You can specify a range of characters by using a hyphen. Used to escape characters that are treated literally within regular expressions or alternatively to unescape special characters Lists the regular expression metacharacter constructs used in the examples in this lesson a more complete, but not exhaustive table with examples is listed at the end of the lesson.
Java regex predefined character classes how to#
Regular expressions are a large topic which you could write an entire book on and people have, but here we will just cover the basics of pattern matching to get a feel for how to use them. Searching through data for specific characters or groups of characters is known as pattern matching and is generally done from the left to the right of the input character sequence. The metacharacters are used to represent concepts such as positioning, quantity and character types. Well as metacharacters which make a pattern we can use to match data.

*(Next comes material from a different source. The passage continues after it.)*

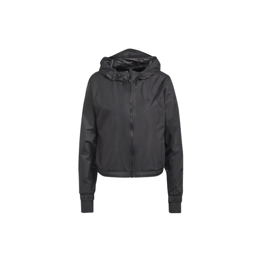Adidas Толстовка с капюшоном на молнии с однотонным логотипом, женская куртка черного цвета H59070

A regular expressions is a string containing normal characters as (I suspect if Python were re-designed from scratch today, or even way back when raw strings were added, it would go with the error.In this lesson we look at regular expressions ( regex) and how we can use regular expression patterns for matching data. In general, Perl went with maximal compatibility with C (and Java with C++) as a high priority in many areas, where Python put more priority on what made more intuitive sense to a programming teacher. If you're wondering why Python made a different design choice for unknown escapes from Perl and Java… As far as I know, that's not covered in the official Design FAQ and hasn't been directly addressed by Guido. The right thing to do is to escape your backslashes, or use the appropriate raw-string or regex-literal syntax for your language.

When I see unescaped "abc\sdef", I think I know, but I may be wrong, and I have to go look it up or try it in the interpreter to find out. Why not? Because, even if you're absolutely sure you've memorized the escape sequences, do you really want to make that a requirement for anyone who wants to read (or maintain) your code? When I see "abc\\sdef" or r"abc\sdef", I immediately know exactly what it means. So, if you have the list of known escapes memorized, you can sometimes get away with not escaping backslashes in Python. ', you don't need '\\s', while in Java and Perl, you need to escape the backslashes for both.Īnd there are languages that make the third choice, treating unknown escape sequences as errors. The only difference is that in Python, unknown escape sequences like '\s' resolve to themselves, while in Java and Perl they resolve to just 's'. This leads to problems in all three languages-and, in fact, for many, many other languages.įor example, all three languages will convert '\\' into a single backslash, '\n' into a newline, etc., before they can get to the regex compiler. Regex also uses C-style backslashes for escapes. Java, Perl, and Python all use C-style backslashes for escapes. So, I assume that there's a good reason for this decision. Besides being a little confusing, it's just messy. Python only requires \ either way, yet Perl and Java mandate \\ when dealing with "".

I'm going to assume that it wasn't arbitrary. Is this a consequence of something else? Or does it in some way simplify some sort of interaction(s) or what have you? Why do both Java and Perl treat escape sequences differently than special regex characters (when they're both encapsulated by ""), yet, python doesn't?Īs in why did the designers make the choice for escape sequences, like \n or \t, to require one backslash, but for predefined character classes, like \s, to require two (while in "")? I looked up Predefined Character Classes(Java), and it simply said: "If you are using an escaped construct within a string literal, you must precede the backslash with another backslash for the string to compile." In Python, one could use either "\s" or '\s'.īoth Java and Perl seem to treat special regex characters encapsulated by "" the same. In Java, this would be valid: String s = "The End" My $subStr = "\s" #Does NOT work, needs to be "\\s" or '\s' In Perl, the following would not be valid: my $sentence = "The End" Perl, like Java and Python, has \s, the special regex character that matches whitespace, in addition to other special characters.